Remember the President’s marketing lines? “This won’t cost a dime. It will be funded by savings in fraud and abuse.” Millions of dollars in F&A have been recouped, but the dollars saved do not even come close to paying for this program. Or how about this one, “If you like your health plan and your doctor you can keep it.”

True––assuming that your employer still offers you health insurance, as many will drop this worker benefit come 2014.

Doctors have always been the weakest link in the healthcare chain. Compared to pharmaceutical companies, AARP, attorneys, health insurance companies, and hospital chains, we are poorly organized and underfund lobbing efforts. So like the slowest gazelle in the pack, we are the easiest to pick off first. By the end of 2013, estimates are that over one-half of cardiologists will be owned and or financially affiliated with a hospital corporation. Office based ancillaries such as imaging and cardiac cath labs have had reimbursements cut to below levels of provider cost, making it almost financially impossible for a cardiologist to remain independent. How did this happen? Let’s see.
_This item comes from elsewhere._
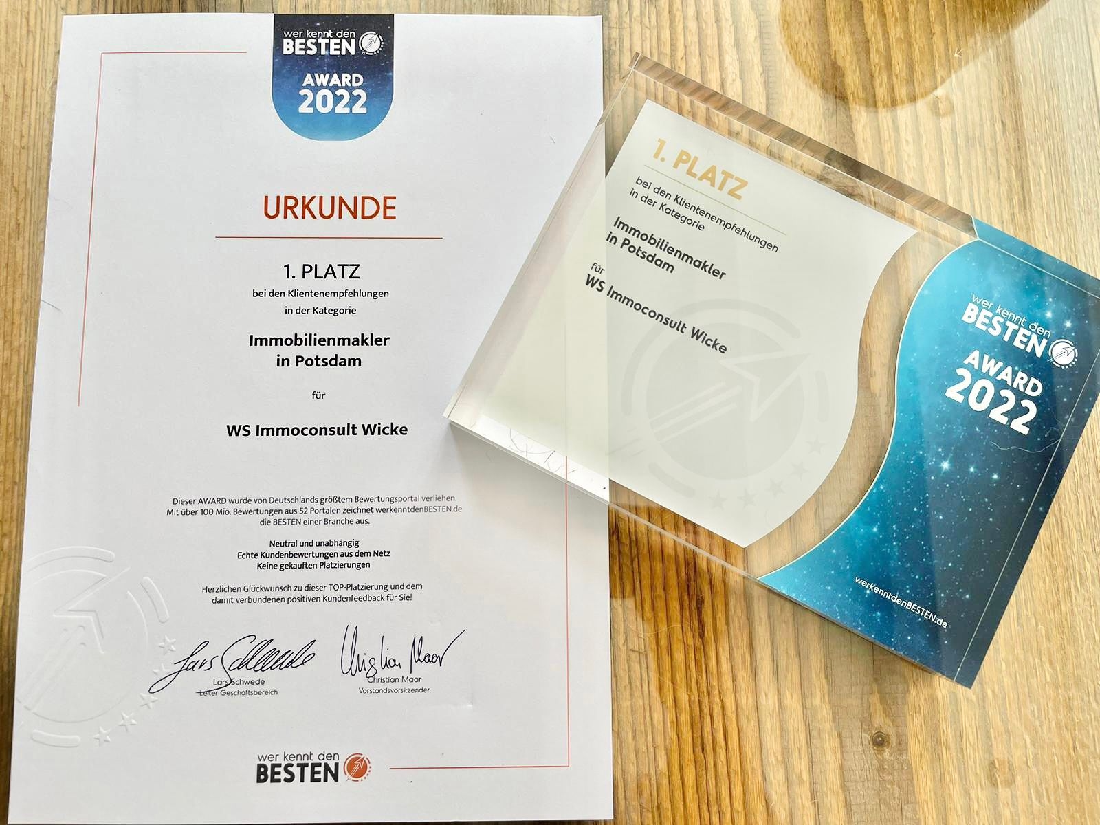 Mit großer Freude durften wir heute etwas verspätet den rückwirkenden Award für das Jahr 2022 für den 1. Platz bei den Klientenempfehlungen in der Kategorie "Immobilienmakler in Potsdam" entgegennehmen, verliehen durch werkenntdenBESTEN.

The rap against cardiologists, and other specialists, has been that since they owned so much diagnostic and treatment equipment, that over-testing and procedures, largely due to self-referral, drive up the cost of healthcare. That is a legitimate hypothesis, but has never been proven. Medicare’s solution was to simply cut away at physician owned outpatient facility payments while simultaneously increasing the reimbursements for the same procedures at the hospital; thus eliminating any conflict of interest when a doctor orders a test or procedure. In theory, this idea seems sound, but in actuality, it ends up costing Medicare more, not less. That is because any test, or procedure, done in the hospital costs many times more than if it was done in the physicians’ office.

For example, in my area of Florida, a physician-owned cardiac cath lab can do a procedure for under $2,000 and still make a profit. The exact same procedure in the hospital, (even if it is done as an out-patient), can cost Medicare anywhere from $5,000 to $10,000. Plus the patient must pay a Medicare Part A deductible, which is more than Part B. None of this has dissuaded Medicare from cutting reimbursements to non-hospital owned outpatient cath labs, which will likely become extinct within the next two years.
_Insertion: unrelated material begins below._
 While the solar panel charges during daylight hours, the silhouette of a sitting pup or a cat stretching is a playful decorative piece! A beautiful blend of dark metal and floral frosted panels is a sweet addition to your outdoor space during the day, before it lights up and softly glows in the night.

Along with this big stick, is also a big carrot. Hospital-employed cardiologists are now paid on the basis of relative value of work units, or RVU’s. So now longer do they have to worry about being under, or non-reimbursed, for their work due to poor or no health insurance. The hospital can more than make up for these bad debts by write-offs and over-charging Medicare and other private carriers. Thus, it has become a win-win for the hospital and the cardiologist. Who looses? We all do. There is now even less of a free market system of health care testing and procedure purchasing, and costs will inevitably rise.
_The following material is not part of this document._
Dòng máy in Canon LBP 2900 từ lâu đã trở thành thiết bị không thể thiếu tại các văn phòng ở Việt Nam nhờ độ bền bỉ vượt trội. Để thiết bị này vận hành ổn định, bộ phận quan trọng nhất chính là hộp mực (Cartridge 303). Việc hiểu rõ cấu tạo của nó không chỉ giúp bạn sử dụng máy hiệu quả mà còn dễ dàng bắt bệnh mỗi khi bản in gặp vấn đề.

I believe that federal government policy makers are not blind to this. When most cardiologists are employed by hospitals in the not-to-distant future, Medicare and other payers will start to cut payments to the hospitals as well, under the guise of reducing costs of the program.  Inevitably rationing will then increase, as it has in every industrialized country with national health insurance. Private insurance premiums will escalate, and the populace will become increasingly angry and demand changes. The politicians will throw up their hands and say, “Oh well, we tried to do this through the private sector, but it just hasn’t worked out as we had expected.” Voila: single payer.

I hope I am wrong. But as implementation of ObamaCare rolls along, and Medicare directs better payments to hospitals than physicians, I doubt it. The only alternative is consumer-driven health care. But that is a subject for another day.

David Mokotoff is a cardiologist who blogs at Cardio Author Doc.  He is the author of The Moose’s Children: A Memoir of Betrayal, Death, and Survival.

Image credit: Shutterstock.com

Comments are moderated before they are published. Please read the comment policy.

  • http://womanfoodshinyobjects.wordpress.com/ Brian Stephens MD

    I predict people will get what they say they “want.”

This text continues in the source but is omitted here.